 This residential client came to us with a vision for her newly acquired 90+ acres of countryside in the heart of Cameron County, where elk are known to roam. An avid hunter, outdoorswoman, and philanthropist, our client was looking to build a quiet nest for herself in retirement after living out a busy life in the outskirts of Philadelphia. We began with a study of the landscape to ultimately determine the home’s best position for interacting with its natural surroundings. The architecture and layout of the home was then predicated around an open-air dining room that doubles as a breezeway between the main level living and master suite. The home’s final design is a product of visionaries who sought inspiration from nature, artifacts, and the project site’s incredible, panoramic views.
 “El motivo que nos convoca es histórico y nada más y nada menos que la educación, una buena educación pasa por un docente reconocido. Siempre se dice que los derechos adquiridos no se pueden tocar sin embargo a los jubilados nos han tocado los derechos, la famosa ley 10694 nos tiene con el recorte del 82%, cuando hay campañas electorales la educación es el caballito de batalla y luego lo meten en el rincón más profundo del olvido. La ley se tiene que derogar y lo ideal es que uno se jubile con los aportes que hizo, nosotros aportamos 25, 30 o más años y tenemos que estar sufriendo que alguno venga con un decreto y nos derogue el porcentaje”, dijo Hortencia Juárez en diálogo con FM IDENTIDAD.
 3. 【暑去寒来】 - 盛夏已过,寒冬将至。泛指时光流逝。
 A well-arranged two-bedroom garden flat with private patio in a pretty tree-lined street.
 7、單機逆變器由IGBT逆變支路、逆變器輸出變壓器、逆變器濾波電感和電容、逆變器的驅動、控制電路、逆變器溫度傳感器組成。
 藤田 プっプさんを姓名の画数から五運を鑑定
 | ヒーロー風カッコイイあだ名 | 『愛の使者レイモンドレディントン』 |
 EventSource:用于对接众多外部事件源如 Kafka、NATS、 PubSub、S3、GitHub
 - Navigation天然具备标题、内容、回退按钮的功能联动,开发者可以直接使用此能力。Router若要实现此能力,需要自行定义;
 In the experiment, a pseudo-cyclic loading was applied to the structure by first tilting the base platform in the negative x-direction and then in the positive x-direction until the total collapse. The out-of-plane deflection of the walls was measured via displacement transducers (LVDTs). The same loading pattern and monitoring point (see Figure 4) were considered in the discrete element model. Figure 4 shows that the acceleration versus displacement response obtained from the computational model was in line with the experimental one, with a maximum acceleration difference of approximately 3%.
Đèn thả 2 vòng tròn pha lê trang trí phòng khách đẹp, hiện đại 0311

- _PROBLEM_
Produce only the lines from the line containing "con FM IDENTIDAD." through the line containing "- Navigation天然", inclusive of both, exactly as they stand in the entries above.

- _WRITTEN ANSWER_
 “El motivo que nos convoca es histórico y nada más y nada menos que la educación, una buena educación pasa por un docente reconocido. Siempre se dice que los derechos adquiridos no se pueden tocar sin embargo a los jubilados nos han tocado los derechos, la famosa ley 10694 nos tiene con el recorte del 82%, cuando hay campañas electorales la educación es el caballito de batalla y luego lo meten en el rincón más profundo del olvido. La ley se tiene que derogar y lo ideal es que uno se jubile con los aportes que hizo, nosotros aportamos 25, 30 o más años y tenemos que estar sufriendo que alguno venga con un decreto y nos derogue el porcentaje”, dijo Hortencia Juárez en diálogo con FM IDENTIDAD.
 3. 【暑去寒来】 - 盛夏已过,寒冬将至。泛指时光流逝。
 A well-arranged two-bedroom garden flat with private patio in a pretty tree-lined street.
 7、單機逆變器由IGBT逆變支路、逆變器輸出變壓器、逆變器濾波電感和電容、逆變器的驅動、控制電路、逆變器溫度傳感器組成。
 藤田 プっプさんを姓名の画数から五運を鑑定
 | ヒーロー風カッコイイあだ名 | 『愛の使者レイモンドレディントン』 |
 EventSource:用于对接众多外部事件源如 Kafka、NATS、 PubSub、S3、GitHub
 - Navigation天然具备标题、内容、回退按钮的功能联动,开发者可以直接使用此能力。Router若要实现此能力,需要自行定义;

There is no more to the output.